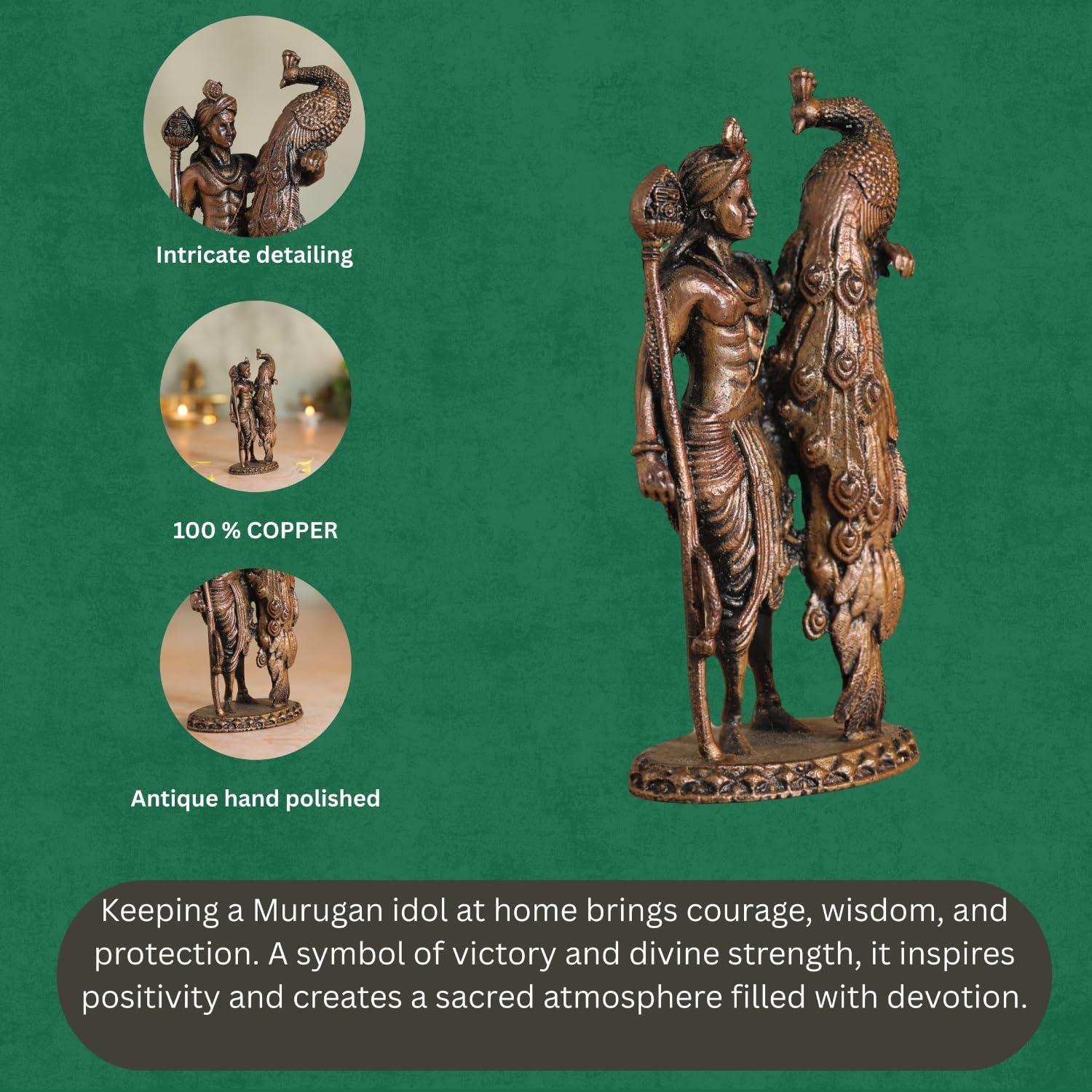 Copper Idols Lord Kartikeya Idol | Antique Brass Finish Murugan Statue with Peacock | Skanda Swamy Murti for Puja Mandir, Home & Office Decor | Spiritual Gift Item
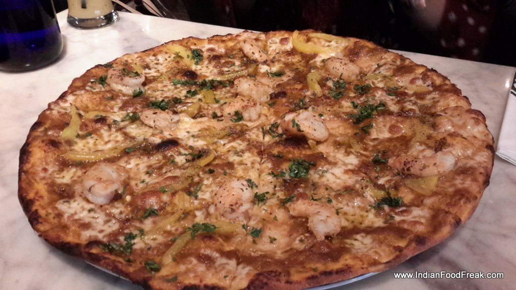 GamberoGambero – prawns marinated in Indian spices on a bed of coriander pesto and passata sauce (especially imported tomato sauce used for pizzas by Pizza Express) garnished with coriander. This pizza did not appeal too much to my taste buds as a heavy coriander flavor seemed to have taken over the whole flavor and the tartness from the passata was missing. Also, the topping of the prawns was too meager – they either need to add more prawns or tear them into smaller bits so that at least each slice has some prawns on it.
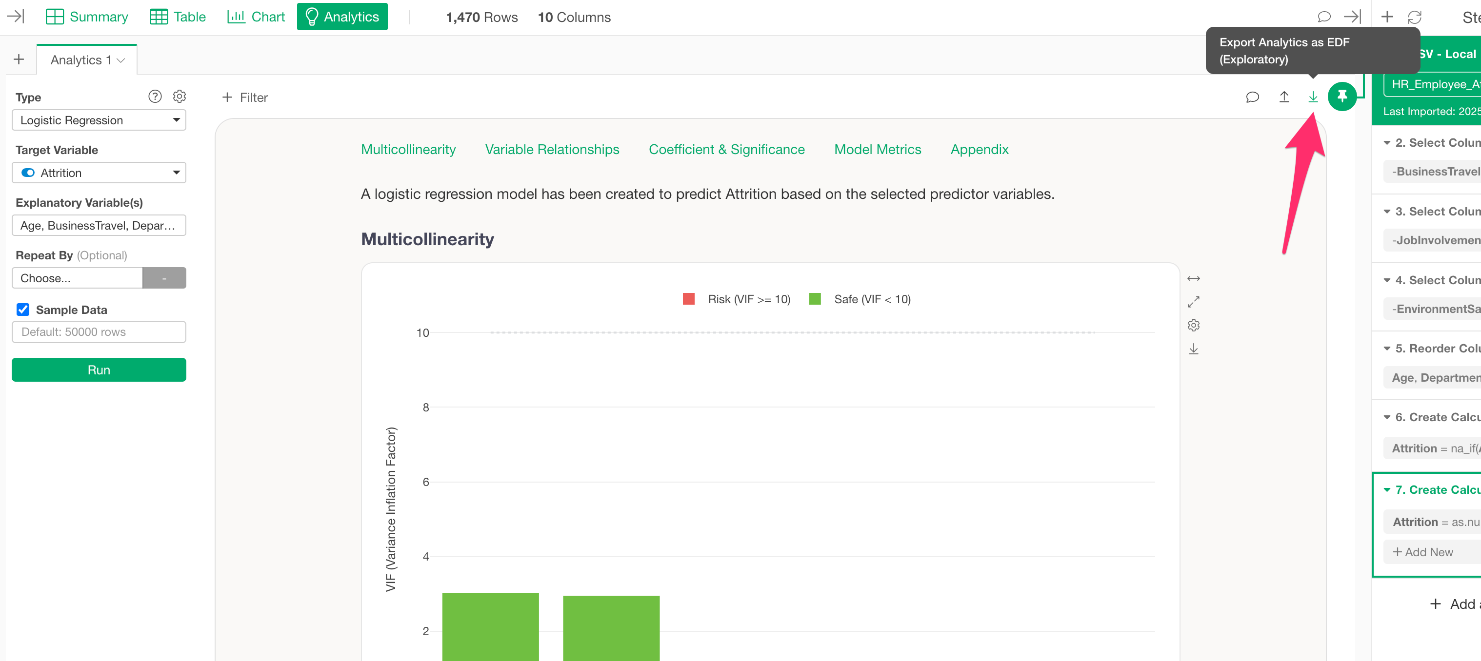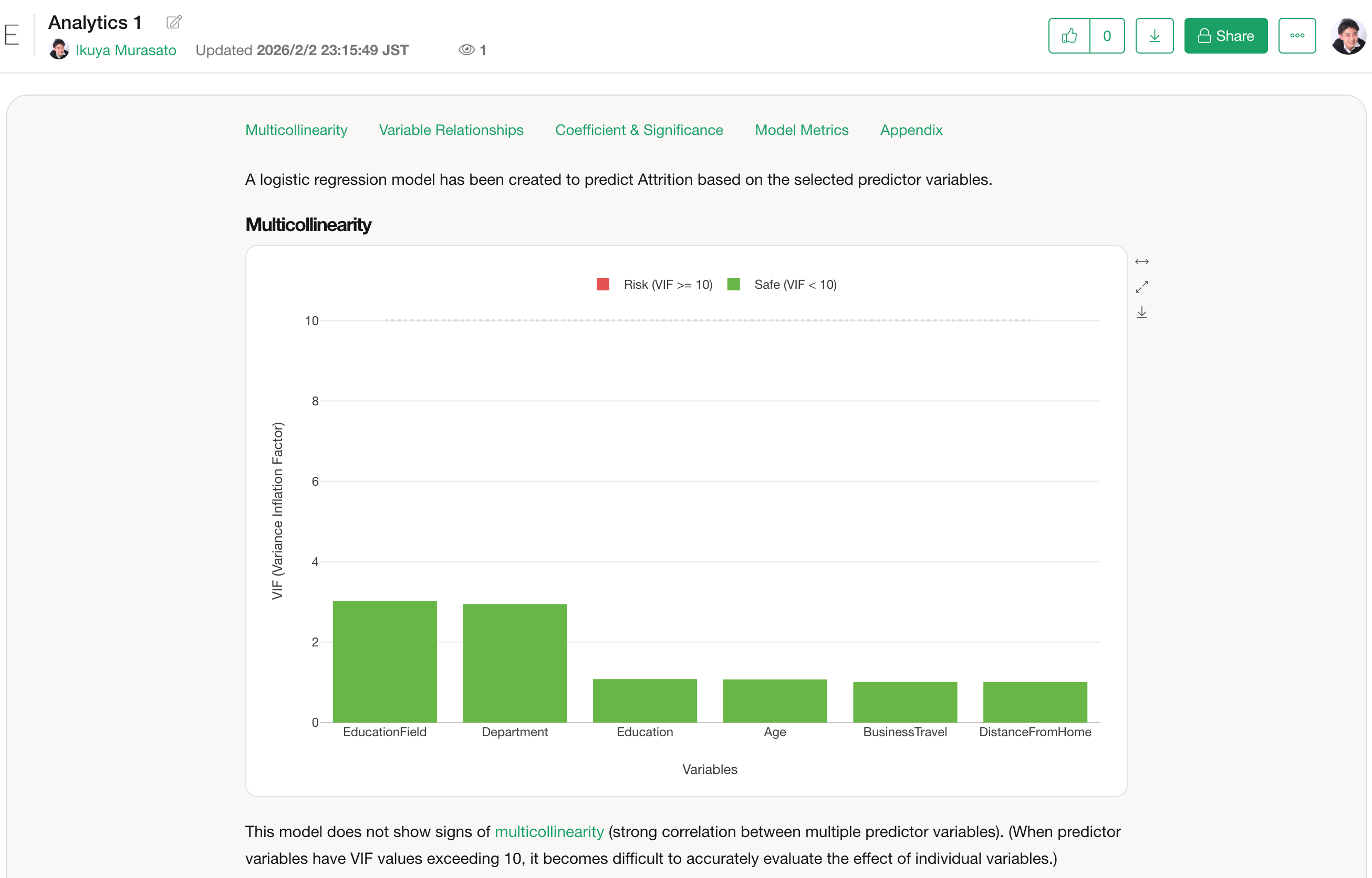 However, if you want to share your results with someone who is not an Exploratory user, you can publish your Analytics to the server. This allows others to view the results directly through their web browser by sharing the link with them.
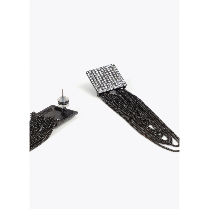 Pendientes sofisticados con base cuadrada para mujer. De cristales brillantes y detalle de tassel de cadenas metálicas. Diseño elegante con cierre de presión, ideal para eventos especiales. Un accesorio que combina esplendor y estilo moderno en un solo conjunto.

▶ _Problem to work on_
Leave the pictures out and copy exactly the lines from the one that holds "However, if you" through the last line of the material.

▶ _Result of the task_
 However, if you want to share your results with someone who is not an Exploratory user, you can publish your Analytics to the server. This allows others to view the results directly through their web browser by sharing the link with them.
 Pendientes sofisticados con base cuadrada para mujer. De cristales brillantes y detalle de tassel de cadenas metálicas. Diseño elegante con cierre de presión, ideal para eventos especiales. Un accesorio que combina esplendor y estilo moderno en un solo conjunto.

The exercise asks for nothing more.